Nicolas had been deeply impressed by this passing contact with the royal family. In tribute to the king, he had spent vast sums of money building a sprawling mansion in the center of Reims, known simply as the Hôtel Ponsardin, constructed in the formal and extravagant style forever associated with Louis XVI. Today, the imposing structure houses—appropriately enough—the local Chamber of Commerce and seems to echo with the footsteps of the family that once inhabited these walls. The house faces rue Cérès, one of the city’s main boulevards, with a symmetrical facade of endless airy windows. Barbe-Nicole was born here, on a street named after the Roman goddess of bountiful harvests. The gardens are in the classical eighteenth-century French style, with low hedges snaking down the lawns in intricate designs, and the courtyards must still be intoxicatingly fragrant in the early summers. It was here, surrounded by luxury in the heart of an important commercial center, that Barbe-Nicole spent her childhood, along with her younger brother, Jean-Baptiste Gérard, born in 1779, and her little sister, Clémentine, born in 1783.

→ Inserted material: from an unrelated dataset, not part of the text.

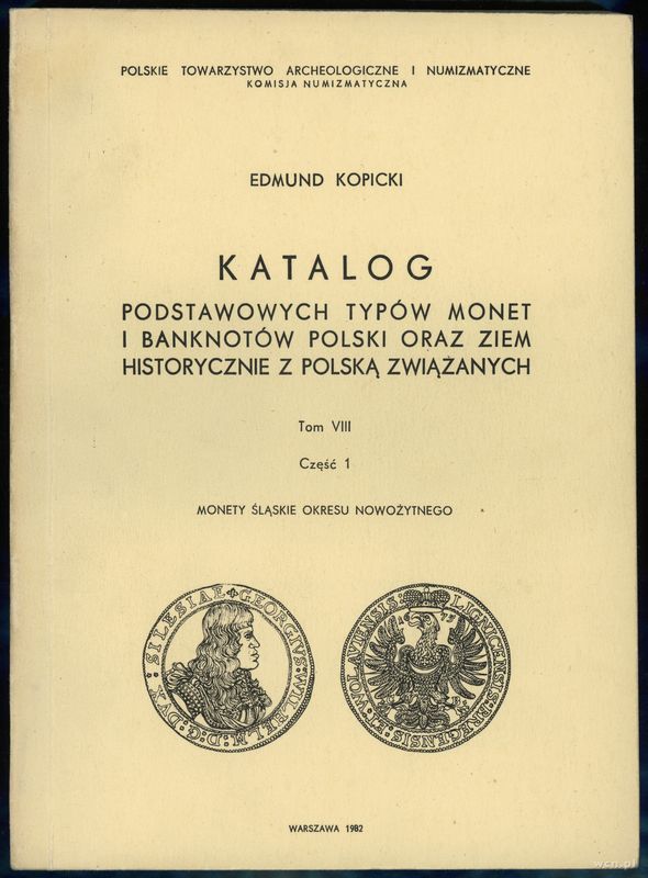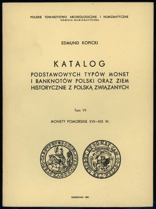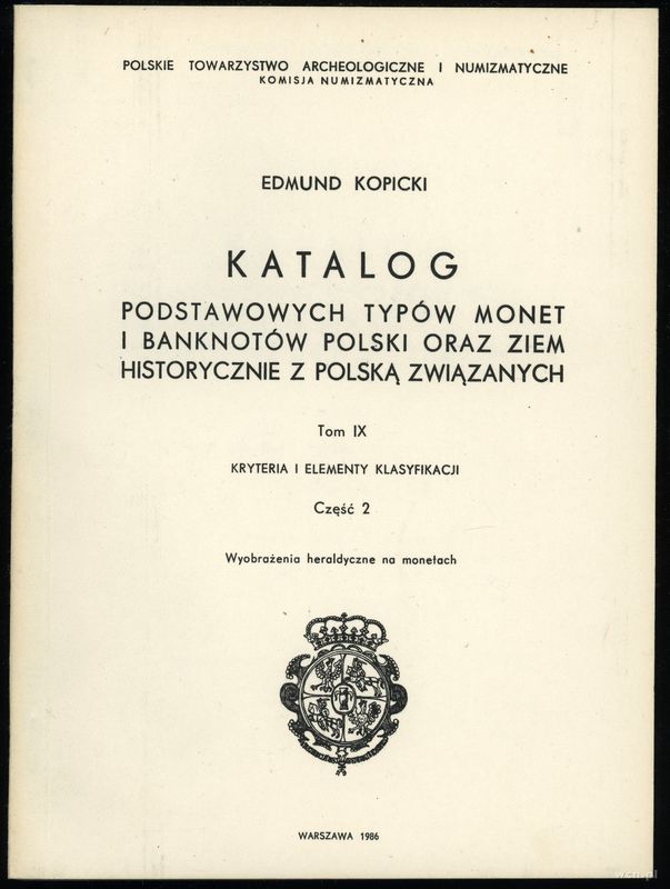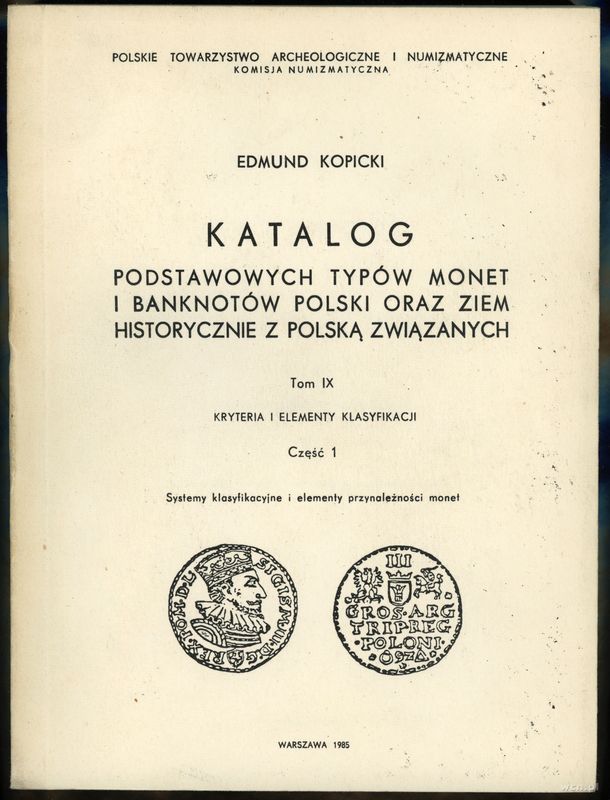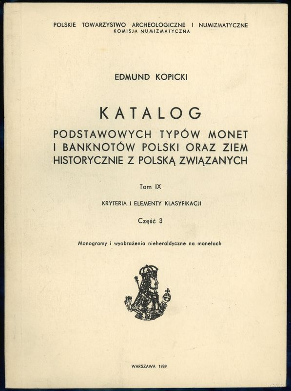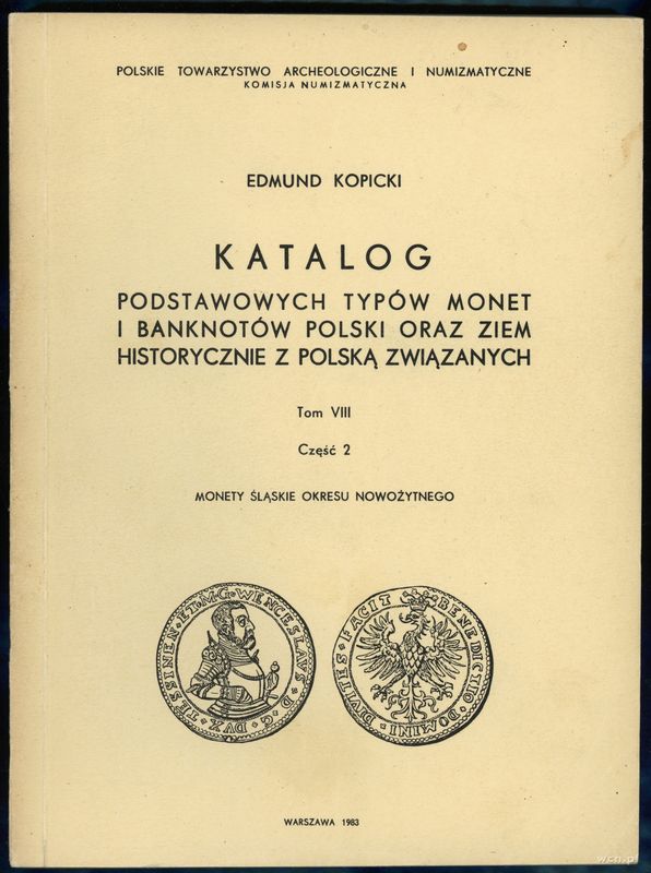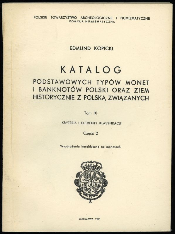 | Opis: | wydawnictwa polskie, zestaw 11 książek, 1) Kopicki Edmund – Katalog podstawowych typów monet i banknotów Polski oraz ziem historycznie z Polską związanych - tom IV, monety i banknoty okresu porozbiorowego 1772–1886, Warszawa 1978, 2) Kopicki Edmund - Katalog podstawowych typów monet i banknotów Polski oraz ziem historycznie z Polską związanych - tom V, 1916–1978, część 1, Warszawa 1979, 3) Kopicki Edmund – Katalog podstawowych typów monet i banknotów Polski oraz ziem historycznie z Polską związanych; Tom V, 1916–1978, część 2, Warszawa 1979, 4) Kopicki Edmund – Katalog Podstawowych Typów Monet i Banknotów Polski oraz Ziem Historycznie z Polską Związanych, Tom VI, monety obce władców Polski i pretendentów do korony polskiej 1002–1794, Warszawa 1980, 5) Kopicki Edmund – Katalog podstawowych typów monet i banknotów Polski oraz ziem historycznie z Polską związanych; tom VII, Monety pomorskie XVI-XIX w., Warszawa 1981, pojedyncze zaznaczenia ołówkiem i długopisem 6) Kopicki Edmund – Katalog podstawowych typów monet i banknotów Polski oraz ziem historycznie z Polską związanych; tom VIII, monety śląskie okresu nowożytnego, Część 1, Warszawa 1982, 7) Kopicki Edmund – Katalog podstawowych typów monet i banknotów Polski oraz ziem historycznie z Polską związanych; tom VIII, monety śląskie okresu nowożytnego, Część 2, Warszawa 1983, 8) Kopicki Edmund – Katalog podstawowych typów monet i banknotów Polski oraz ziem historycznie z Polską związanych; tom IX, Kryteria i elementy klasyfikacji, część 1, Systemy klasyfikacyjne i elementy przynależności monet, Warszawa 1985, 9) Kopicki Edmund – Katalog podstawowych typów monet i banknotów Polski oraz ziem historycznie z Polską związanych; tom IX, Kryteria i elementy klasyfikacji, część 2, Wyobrażenia heraldyczne na monetach, Warszawa 1986, 10) Kopicki Edmund – Katalog podstawowych typów monet i banknotów Polski oraz ziem historycznie z Polską związanych; tom IX, Kryteria i elementy klasyfikacji, część 2, Wyobrażenia heraldyczne na monetach, Warszawa 1986, 11) Kopicki Edmund – Katalog podstawowych typów monet i banknotów Polski oraz ziem historycznie z Polską związanych; tom IX, Kryteria i elementy klasyfikacji, część 3, Monogramy i wyobrażenia nieheraldyczne na monetach, Warszawa 1989 |

While the outside of the Hôtel Ponsardin is forbidding in its cool grandeur, the inside remains luminous. The woodwork is fanciful and intricate, and the glowing parquet floors that Barbe-Nicole raced across as a girl still greet visitors. The ground level boasted elegant salons and ballrooms, where Nicolas entertained distinguished guests. The construction was vastly expensive. At times, Nicolas shuddered to think of the sums of money it was costing him to build and furnish such a magnificent home. Even with his very deep pockets, he could never afford to finish it.
Nicolas dreamed of the day when the Ponsardin family name would also be noble. This must have been part of the reason for sending his daughters to the royal convent school at Saint-Pierre-les-Dames, where they would rub shoulders with the children of the higher classes. Surely he dreamed of nothing less than a grand match for his first child. Of all his children, she was the one who had inherited his features and his air, and it was his eldest daughter who captured a special place in his heart. But if Nicolas had been dreaming of grand aristocratic matches for his daughters, those dreams ended in the summer of 1789. No man with even a modicum of foresight would give his daughter to a nobleman in the months and years that followed, and Nicolas was no fool.